Nothing but an exact copy is asked for: the lines in the material below from the one with "Lồng giặt ngang: với" through the one with "Landmarks visible but", pictures excluded.

### RECORDS SUPPLIED ###

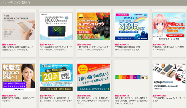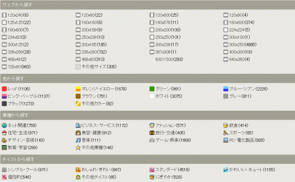 このサイトでは、各サイズ別にバナー素材のデザインを見ることが出来ます。素材数も多いので、あなたのイメージにあう素材を探してDLください。
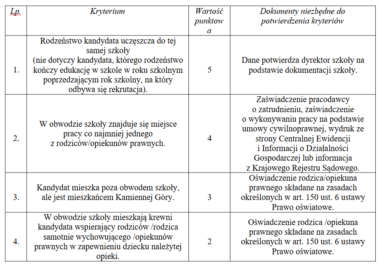 Zgodnie z art. 133 ust. 2 ustawy z dnia 14 grudnia 2016 r. Prawo oświatowe w postępowaniu rekrutacyjnym brane są pod uwagę kryteria określone przez Radę Miasta Kamienna Góra, którymi są:
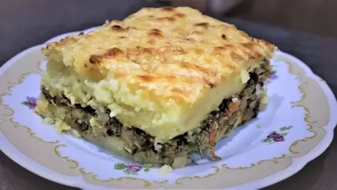 Пришло время собрать запеканку. Смажьте форму для запекания растительным маслом. Выложите половину картофельного пюре, так чтобы оно полностью закрыло дно. На него равномерно распределите начальную начинку, затем накройте оставшимся пюре и посыпьте тертым сыром. Отправьте запеканку в разогретую до 200 градусов духовку на 20-25 минут. И вот, аппетитная запеканка готова!
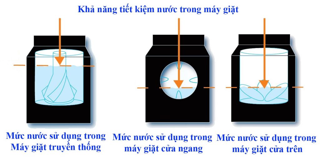 Lồng giặt ngang: với kiểu thiết kế này thì quần áo sẽ được chuyển động theo chiều thẳng đứng. Vì vậy không cần mực nước quá đầy nước mà quần áo vẫn được thấm đều và giặt sạch, tiết kiệm nước gấp 3 lần so với máy giặt lồng đứng.
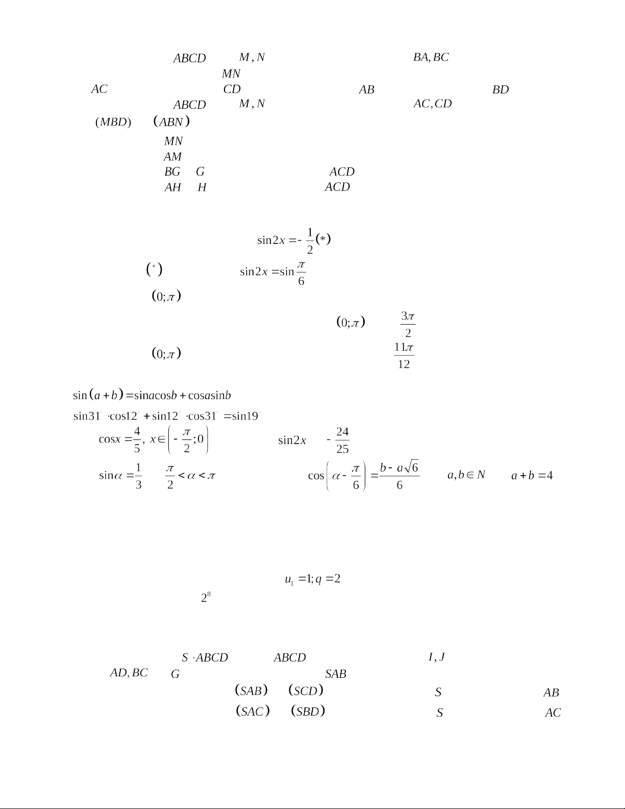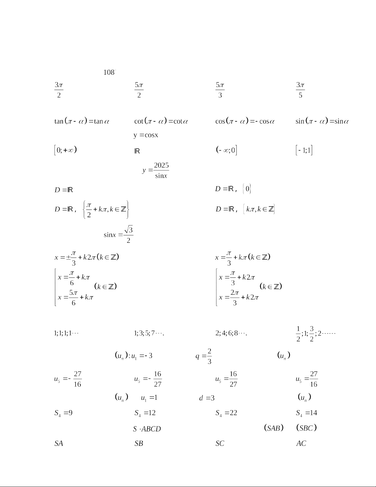Câu 1. Cho phương trình lượng giác . Khi đó:
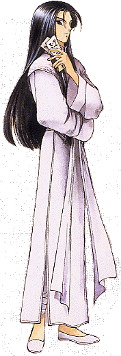 Marron wears all white (a cheongsam) and it sure does cover a lot of skin. It makes one wonder what Baby-Glace might be wearing underneath it... ::lapses into giggling fits between incomprehensible mutterings about bondage:: Oh, and he grows his hair out for two reasons: One, because his mum died when he was little and he wants to keep her memory alive by looking like her ::koffmama'sboykoffkoff::, and two, because of the beneficial storage space. You wouldn't believe the capacity of this lovely raven-tressed lad's ample mane. People have been known to get lost in Marron's hair (he has gone through at least seven salons trying to find a nice lady who can do his hair before falling into it and dissappearing forever).
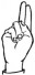 На ћирилици написано РАДНА БАЦКОВИЋ састоји се из 13 слова [?]. Исписано ћириличном једноручном азбуком за глувонеме:
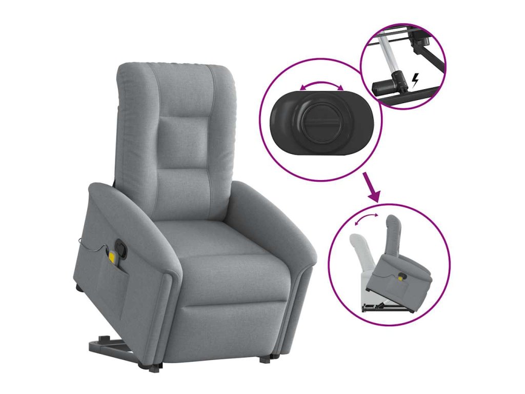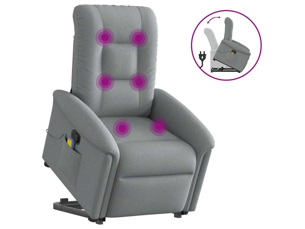 Multidom Zdvíhacie a sklápacie masážne kreslo bledosivé látka
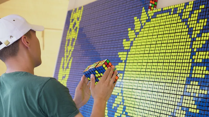 Алихан Ертурсын рассказал, что увлечение кубиком Рубика началось у него десять лет назад, когда ему было всего десять. Сегодня, в свои двадцать, он уже не просто решает головоломку на скорость, а вместе с командой превращает ее в искусство."Первые, кто начал собирать картины из кубиков, конечно, были американцы и европейцы. Мы взяли эту идею и адаптировали под наш менталитет – начали складывать из кубиков портреты известных личностей, государственные символы, флаг. Все началось с Федерации спидкубинга, которой сейчас исполнилось пять лет. На юбилей мы и решили попробовать собрать первую большую мозаику. Так наше хобби превратилось в способ творчески говорить со зрителем", – поделился Алихан.
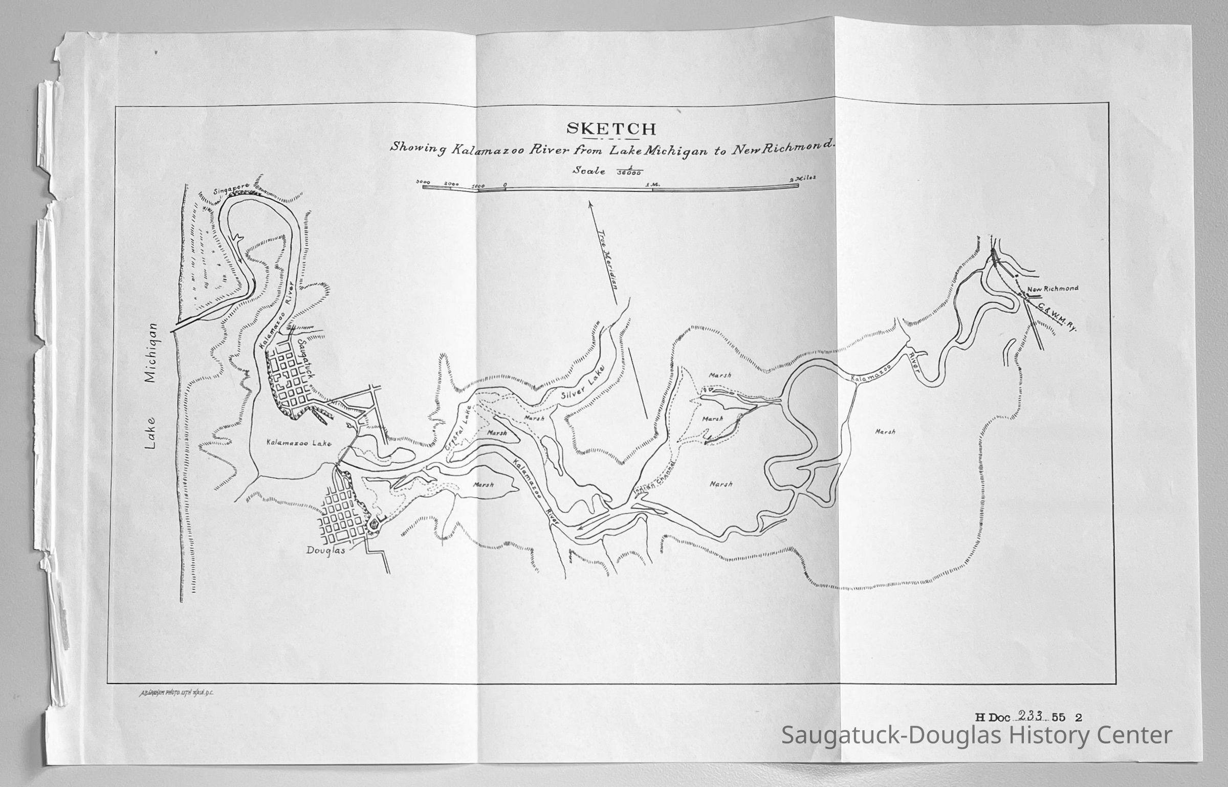 Landmarks visible but unlabeled include the H.B. Moore docks on the southeast edge of Douglas and the boom into Lake Kalamazoo from Saugatuck.Context
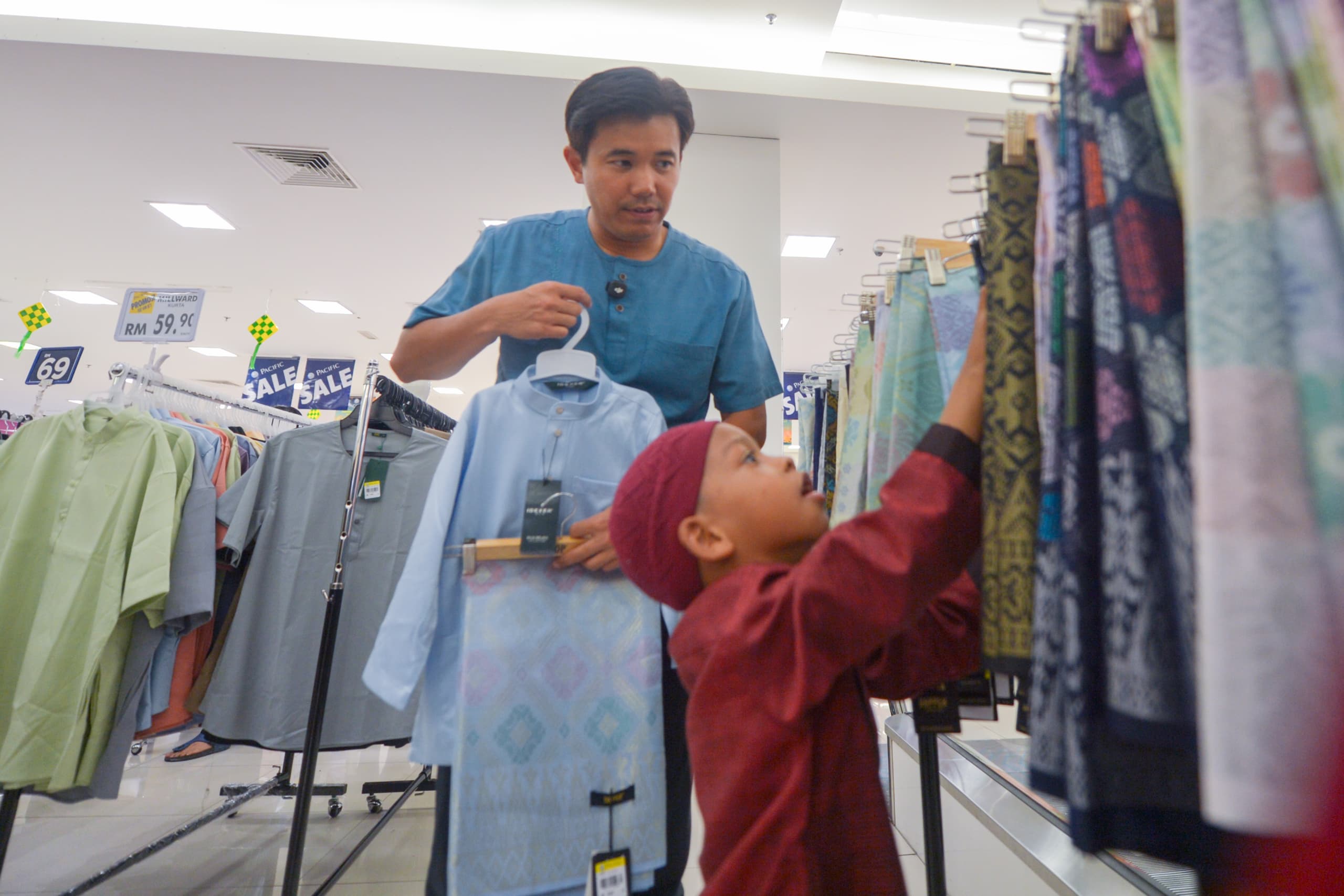 Neow said that witnessing the children’s excitement and cheerful expressions while they chose clothes for the upcoming Aidilfitri celebration brought him a sense of joy.
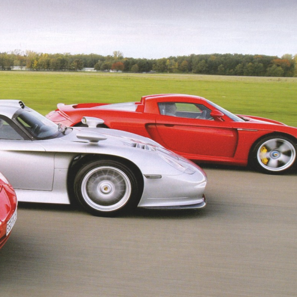 Unlike the 911, which carried the company for four decades, the Carrera GT was complete bottom up design. Its styling was thankfully unchanged from Paris show car and departed from the traditional Porsche shape which the 959 couldn't escape.Motivation for the Carrera GT came directly from Porsche's successful motor sports program and the Porsche WSC-95 Le Mans prototype.
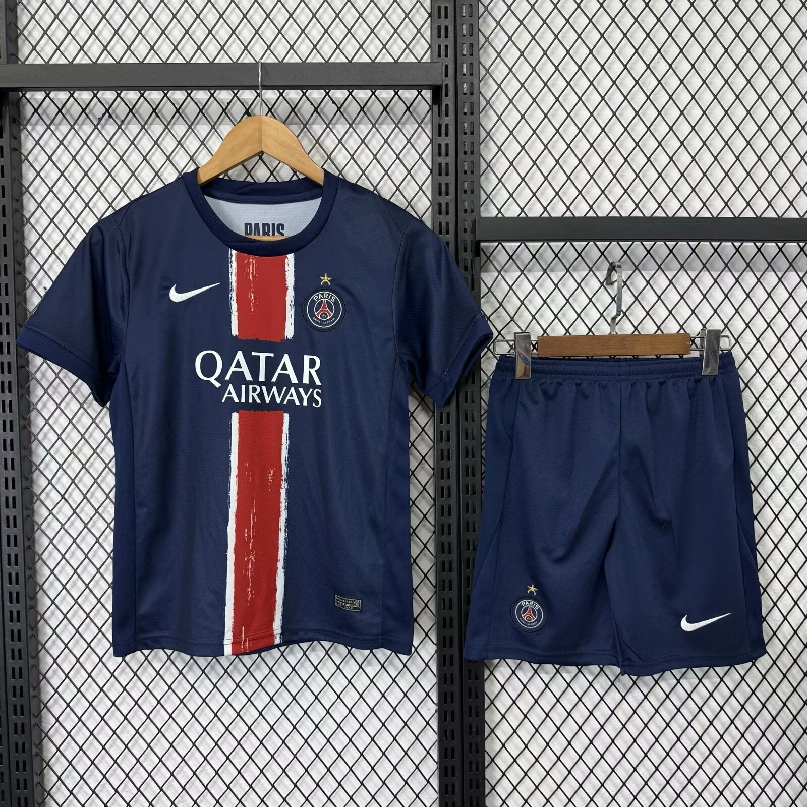 חליפת ילדים פריז סן ז’רמן בית 25/26 – חולצה ומכנס בעיצוב יוקרתי בצבעי כחול־אדום
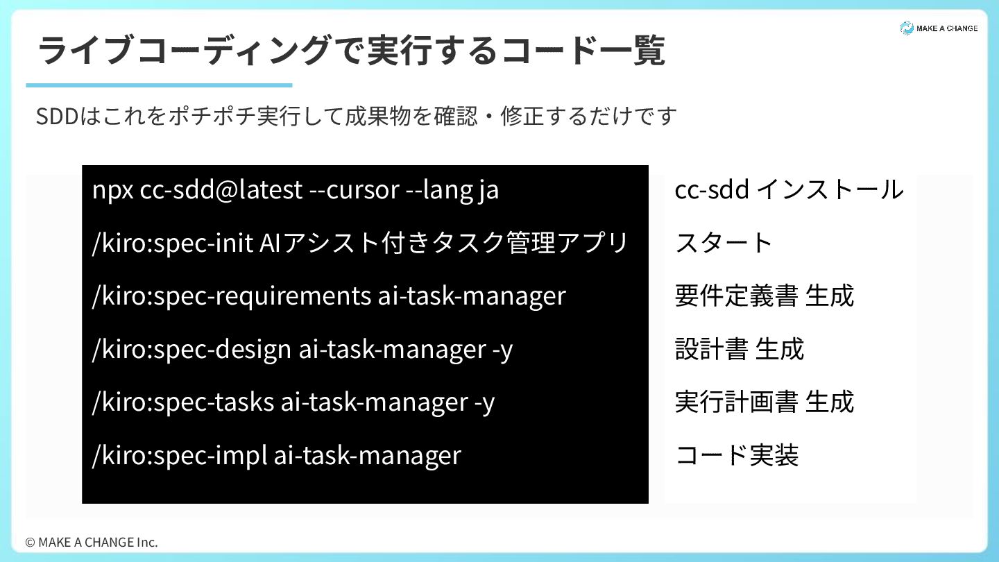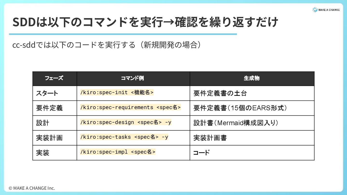 SDDは以下のコマンドを実⾏→確認を繰り返すだけ cc-sddでは以下のコードを実⾏する(新規開発の場合) © MAKE A CHANGE Inc. フェーズ コマンド例 生成物

###

SOLUTION TO THIS EXERCISE:
 Lồng giặt ngang: với kiểu thiết kế này thì quần áo sẽ được chuyển động theo chiều thẳng đứng. Vì vậy không cần mực nước quá đầy nước mà quần áo vẫn được thấm đều và giặt sạch, tiết kiệm nước gấp 3 lần so với máy giặt lồng đứng.
Câu 1. Cho phương trình lượng giác . Khi đó:
 Marron wears all white (a cheongsam) and it sure does cover a lot of skin. It makes one wonder what Baby-Glace might be wearing underneath it... ::lapses into giggling fits between incomprehensible mutterings about bondage:: Oh, and he grows his hair out for two reasons: One, because his mum died when he was little and he wants to keep her memory alive by looking like her ::koffmama'sboykoffkoff::, and two, because of the beneficial storage space. You wouldn't believe the capacity of this lovely raven-tressed lad's ample mane. People have been known to get lost in Marron's hair (he has gone through at least seven salons trying to find a nice lady who can do his hair before falling into it and dissappearing forever).
 На ћирилици написано РАДНА БАЦКОВИЋ састоји се из 13 слова [?]. Исписано ћириличном једноручном азбуком за глувонеме:
 Multidom Zdvíhacie a sklápacie masážne kreslo bledosivé látka
 Алихан Ертурсын рассказал, что увлечение кубиком Рубика началось у него десять лет назад, когда ему было всего десять. Сегодня, в свои двадцать, он уже не просто решает головоломку на скорость, а вместе с командой превращает ее в искусство."Первые, кто начал собирать картины из кубиков, конечно, были американцы и европейцы. Мы взяли эту идею и адаптировали под наш менталитет – начали складывать из кубиков портреты известных личностей, государственные символы, флаг. Все началось с Федерации спидкубинга, которой сейчас исполнилось пять лет. На юбилей мы и решили попробовать собрать первую большую мозаику. Так наше хобби превратилось в способ творчески говорить со зрителем", – поделился Алихан.
 Landmarks visible but unlabeled include the H.B. Moore docks on the southeast edge of Douglas and the boom into Lake Kalamazoo from Saugatuck.Context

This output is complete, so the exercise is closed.